**Instructions for the task**
Your task is to copy the records that follow exactly, minus any images.

(Saved data entries)
+-------+
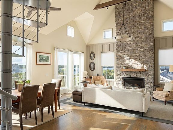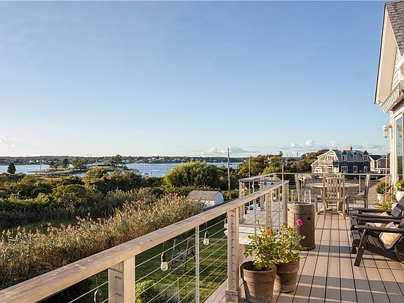Custom built in 2019, this fresh take on a classic beach cottage offers inviting spaces for entertaining inside (including living room with gas fireplace and soaring cathedral ceilings) and outside with two levels of decks for gathering, dining with friends, or simply enjoying the breathtaking sunsets. The 1878 square foot reverse floor plan home will sleep 6 to 8. In addition to the primary bedroom with en suite bath and a second bedroom there is a flex room currently used as a guest room/den; 2 additional full bathrooms; and a bright home office (or extra sleeping space) at the top of an architecturally dramatic spiral staircase. The home features a thoughtfully curated mix of materials and high-end finishes, including custom stained hardwood oak floors throughout the house, European bathroom tile, and custom cedar & cable interior banister and exterior deck railing. Other notable features: Full-house Kohler generator; Navien combo boiler with on-demand hot water; Zoned heat and AC; Commercial grade dehumidification in crawl space; and motorized Sunbrella awnings on the top deck. Walk down the street to sandy beaches, dining and the Block Island Ferry.
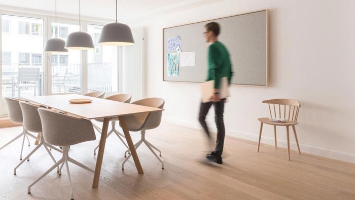 會(huì)議室的設(shè)計(jì):此處是一個(gè)多功能的辦公場(chǎng)所,此處與外部陽(yáng)臺(tái)連接在一起,這樣可以避免會(huì)議的單一性,因?yàn)闀?huì)議在很多人眼中單調(diào)、無味的,故此會(huì)議往往會(huì)起到消極的作用,故此設(shè)計(jì)師將會(huì)議室與陽(yáng)臺(tái)相互串聯(lián),就是希望以陽(yáng)臺(tái)的自然與開放,為會(huì)議提供更多的可能性。
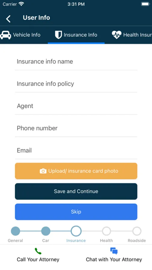 The core feature of our App is the ability to live chat with your attorney office to ask questions, get updates, and more. Our system allows you access into your favorite firm to store all drivers information for when you need it most. Store your drivers license, car insurance, roadside assistance, and more. Involved in an accident, have the ability to report ll new car accidents directly though our mobile app and instantly notify our legal team of what happened. Next chat with us for the next steps.
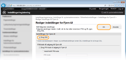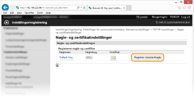 . Brug TLSStart af Remote UI med TLSHvis du forsøger at starte Remote UI, når TLS er aktiveret, kan der blive vist en sikkerhedsbesked om sikkerhedscertifikatet. I dette tilfælde skal du kontrollere, at den rigtige URL-adresse er angivet i adressefeltet og derefter fortsætte for at få vist skærmen Brugerinterface til fjernbetjening. Start af Brugerinterface til fjernbetjening
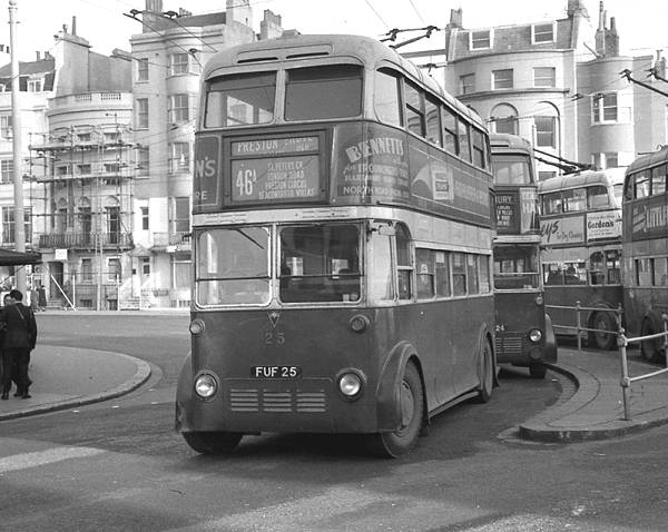 An A.E.C. line up at Old Steine headed by Brighton Corporation 25, FUF25, one of the forty-four A.E.C. 661Ts with Weymann H30/24R bodies new in 1939.
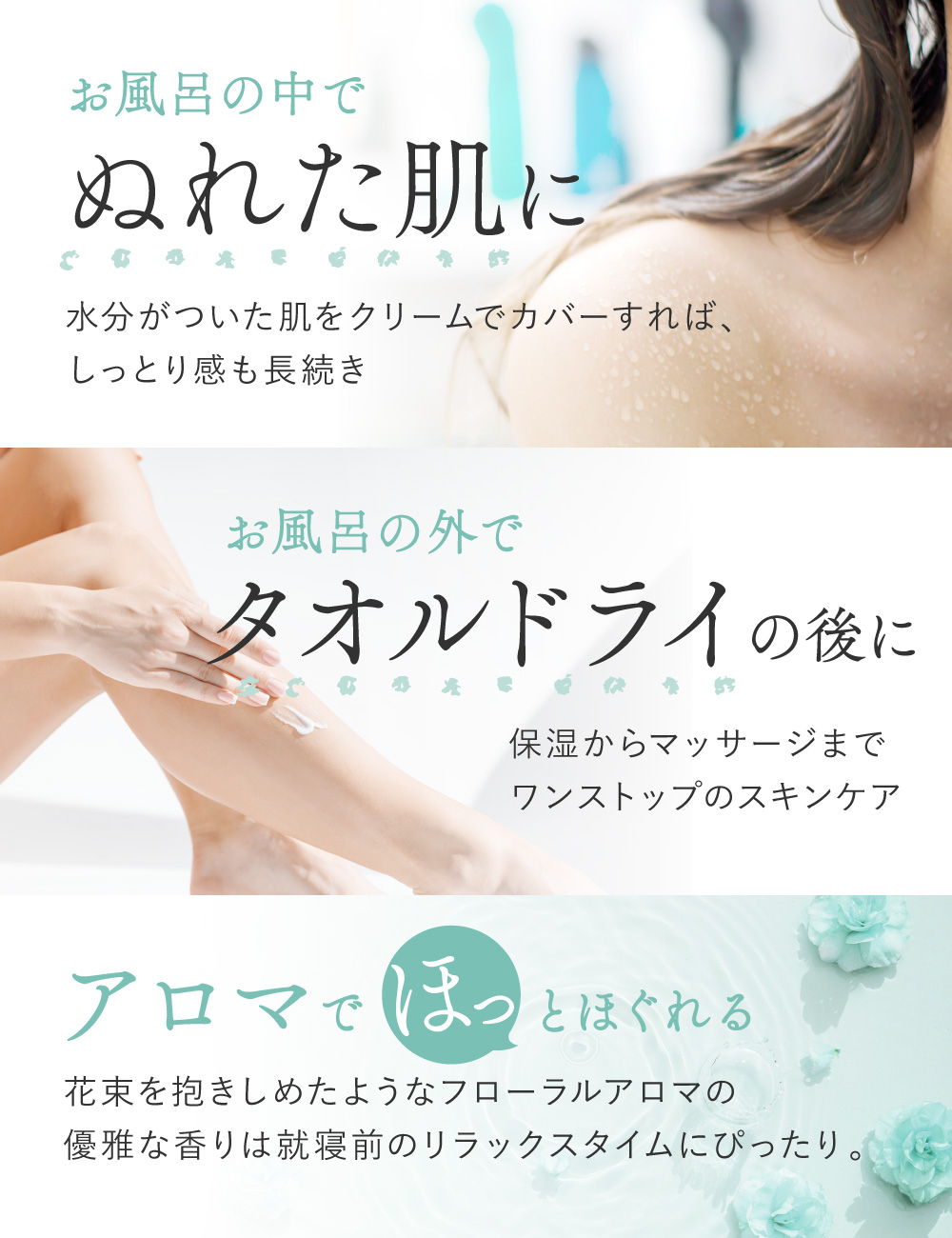 ●お風呂の中でも、外でも使えるボディミルクお風呂の中でぬれた肌にお使いいただけます。水分がついた肌をミルクでカバーすれば、しっとり感も長続き。お風呂の外では、タオルドライの後にご使用いただけ、保湿からマッサージまでワンストップのスキンケアを叶えます。
+-------+
**Response to this exercise**
Custom built in 2019, this fresh take on a classic beach cottage offers inviting spaces for entertaining inside (including living room with gas fireplace and soaring cathedral ceilings) and outside with two levels of decks for gathering, dining with friends, or simply enjoying the breathtaking sunsets. The 1878 square foot reverse floor plan home will sleep 6 to 8. In addition to the primary bedroom with en suite bath and a second bedroom there is a flex room currently used as a guest room/den; 2 additional full bathrooms; and a bright home office (or extra sleeping space) at the top of an architecturally dramatic spiral staircase. The home features a thoughtfully curated mix of materials and high-end finishes, including custom stained hardwood oak floors throughout the house, European bathroom tile, and custom cedar & cable interior banister and exterior deck railing. Other notable features: Full-house Kohler generator; Navien combo boiler with on-demand hot water; Zoned heat and AC; Commercial grade dehumidification in crawl space; and motorized Sunbrella awnings on the top deck. Walk down the street to sandy beaches, dining and the Block Island Ferry.
 會(huì)議室的設(shè)計(jì):此處是一個(gè)多功能的辦公場(chǎng)所,此處與外部陽(yáng)臺(tái)連接在一起,這樣可以避免會(huì)議的單一性,因?yàn)闀?huì)議在很多人眼中單調(diào)、無味的,故此會(huì)議往往會(huì)起到消極的作用,故此設(shè)計(jì)師將會(huì)議室與陽(yáng)臺(tái)相互串聯(lián),就是希望以陽(yáng)臺(tái)的自然與開放,為會(huì)議提供更多的可能性。
 The core feature of our App is the ability to live chat with your attorney office to ask questions, get updates, and more. Our system allows you access into your favorite firm to store all drivers information for when you need it most. Store your drivers license, car insurance, roadside assistance, and more. Involved in an accident, have the ability to report ll new car accidents directly though our mobile app and instantly notify our legal team of what happened. Next chat with us for the next steps.
 . Brug TLSStart af Remote UI med TLSHvis du forsøger at starte Remote UI, når TLS er aktiveret, kan der blive vist en sikkerhedsbesked om sikkerhedscertifikatet. I dette tilfælde skal du kontrollere, at den rigtige URL-adresse er angivet i adressefeltet og derefter fortsætte for at få vist skærmen Brugerinterface til fjernbetjening. Start af Brugerinterface til fjernbetjening
 An A.E.C. line up at Old Steine headed by Brighton Corporation 25, FUF25, one of the forty-four A.E.C. 661Ts with Weymann H30/24R bodies new in 1939.
 ●お風呂の中でも、外でも使えるボディミルクお風呂の中でぬれた肌にお使いいただけます。水分がついた肌をミルクでカバーすれば、しっとり感も長続き。お風呂の外では、タオルドライの後にご使用いただけ、保湿からマッサージまでワンストップのスキンケアを叶えます。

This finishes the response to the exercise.